Type 2 flight calls are high and clear-sounding. Spectrographically Type 2 is similar to Type 1 with a distinctive inverted “V” shape. However, Type 2 flight calls spend more time and deposits more energy near the apex of the inverted “V” around 5 kHz, thus producing a higher sound on average than Type 1. These flight calls are similar in appearance to Gray-cheeked and Bicknell’s Thrush calls, but without modulation or banding evident in spectrogram.

Figure 3. Spectrogram of Evening Grosbeak Type 2 call note.

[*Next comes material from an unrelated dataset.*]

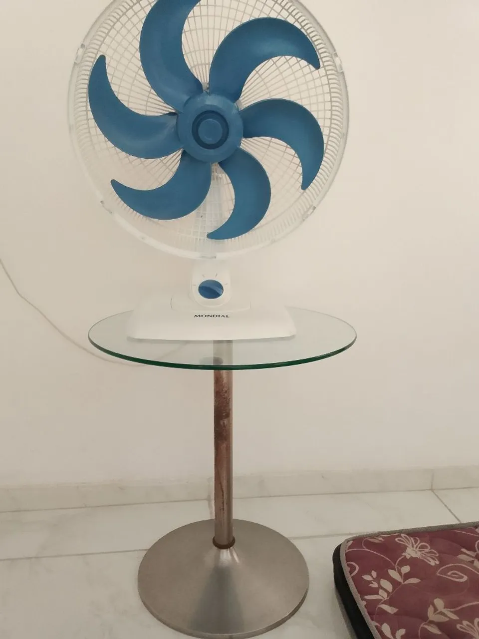 Mesa de alumínio com vidro temperado grosso. Está bem fixo a base. Não acompanha o ventilador e retirada na minha residência. Só o vidro já paga o valor do que coloquei.

Additional Notes/Irruptions: Bill intermediate in thickness between boreal/eastern birds and Mexican birds (Grinnell (1916). Wanders, at least, rarely north to southern Washington where it overlaps with Call Type 1. In 2017 it moved in very small numbers to southern California, but this type generally is not known to move much outside of the Sierra Nevada. Type 2 is quite possibly one of the least common (Hahn pers. comm.).

Evening Grosbeak (Type 3) Coccothraustes vespertinus vespertinus (Cooper, W, 1825)

Evening Grosbeak (Presumed Type 3) by Amanda Guercio/Macaulay Library.

Known range: Core breeding range is boreal forests of Canada east of the Rockies to Newfoundland and in the northeastern United States; wanders southward to the southern Appalachians and historically rarely to the Gulf Coast, but such events have become much less common the last 25 years. eBird map

Flight call: clee-ip; begins with a harsh trill and then only slightly descends. Burry and resembles call of House Sparrow.

Type 3 flight calls look most like Type 5, but overall are quite distinctive spectrographically. The rough and burry-sound is plainly evident in spectrograms. Type 3 flight calls show an initial “down-up-down” component around 3–3.5 kHz followed by several bands between 2 and 4 kHz. The strength of this banding feature appears unique to Type 3.

Fig. 4. Spectrogram of Evening Grosbeak Type 3 call.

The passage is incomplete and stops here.